Creating a sitemap for auditing your site

Suppose you're getting ready to migrate your website from Drupal 6 to 7, or maybe you just inherited a site. You'll want do an audit to learn what content is on the site and how it is structured.  When it comes time for a site audit, it’s good to start with a sitemap. 

A sitemap is a list of the pages on a website. The sitemap may take many forms, from machine-readable XML, to an HTML listing of page names, to a text list of all the page URLs.

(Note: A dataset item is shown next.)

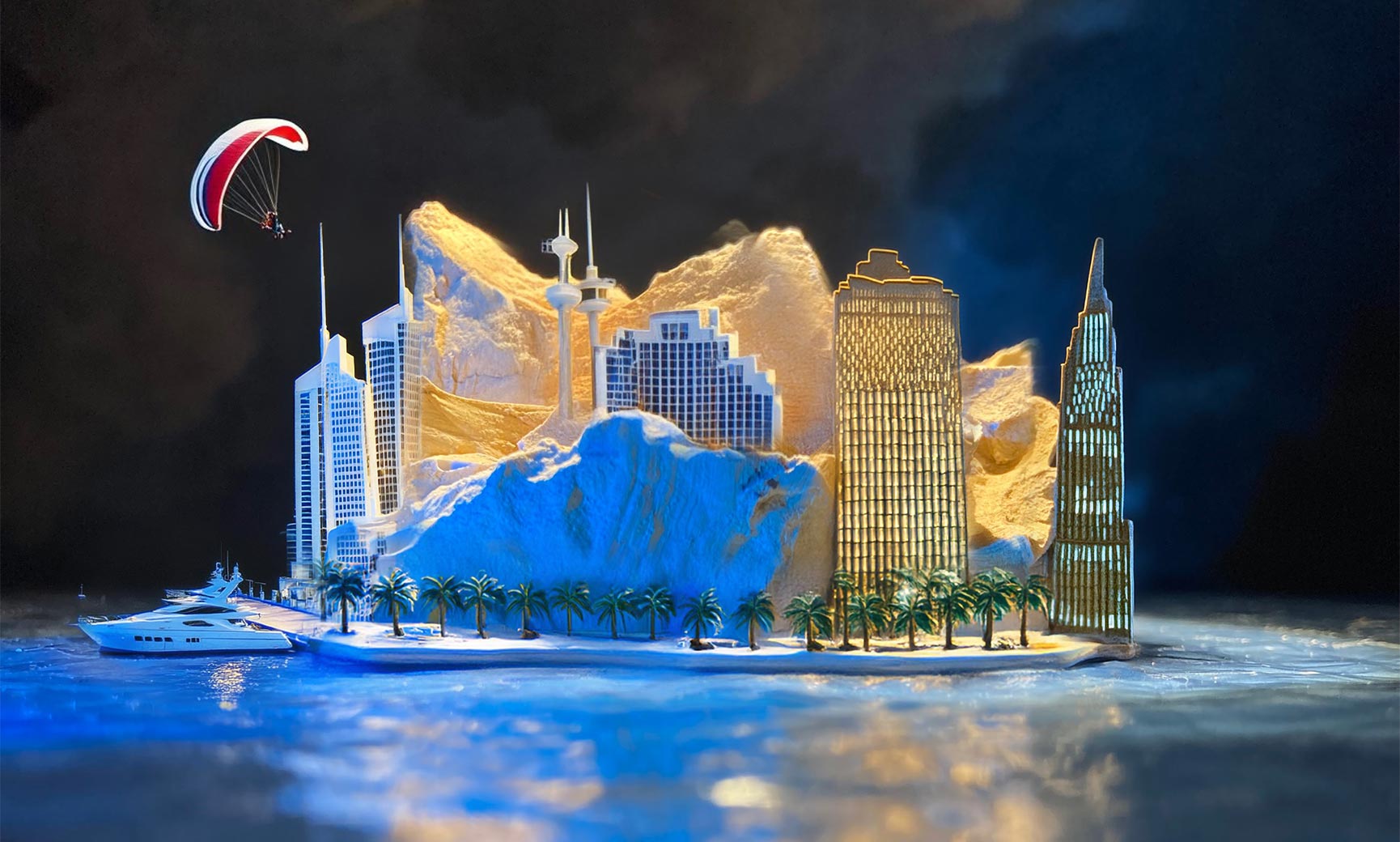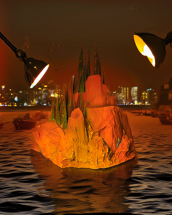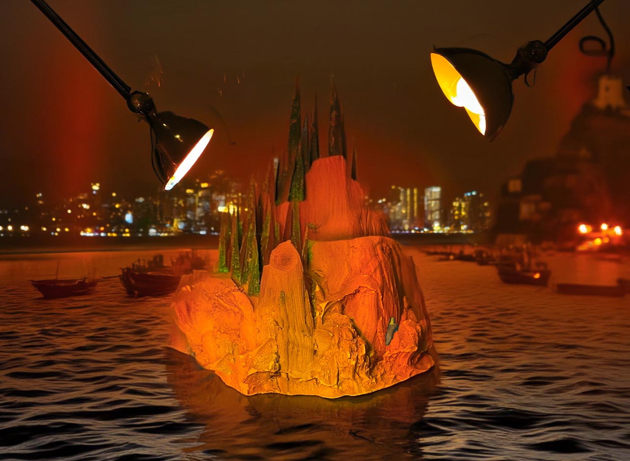 Manchmal entstanden Bilder, die man so nicht geplant hat und mit denen man weiterarbeiten konnte. Eigentlich wollte ich einen Mond einfügen lassen, aber es kamen diese beiden Lampen heraus. Das passte zum Beginn unseres Projekts mit den Lichtinszenierungen.

For a content audit, both the HTML listing and the text list give you not only an excellent view into the content, but a good idea of the structure of the site as well.

The quickest and most thorough way to build a sitemap is to generate it automatically.  Several free tools on the web will do this for you. One of my favorites is http://www.xml-sitemaps.com. It will generate a sitemap for sites up to 500 pages.

Generate a sitemap

To generate a sitemap:

  1. Navigate to http://www.xml-sitemaps.com.
  2. Enter the URL for your website. Note: If your site uses https instead of http, you’ll need to enter the ‘s’.
  3. Click on the ‘Start’ button to have it crawl the pages on your site.

When you click on start, it will visit all the pages on your site, and make a list of all the URLs.

Download your sitemap

After a few minutes, or longer depending on the size your site, it will produce a list of sitemaps in different formats for you to download. For a sitemap consisting of HTML links, download sitemap.html. For a sitemap consisting of URLs, download urllist.txt.

Check your results

Here is a sample of the HTML sitemap (sitemap.html):

And a sample of the text format (urllist.txt):

Once you have this list of pages, you can copy and paste them into an Excel spreadsheet. From there, you can track and review each page of your site. 

More resources

XML-sitemaps.com is one of many tools on the web that can create sitemaps and assist with auditing your site. Other audit tools include:

Content Insight: This is a more comprehensive audit tool that provides information such as screenshots and page-level details.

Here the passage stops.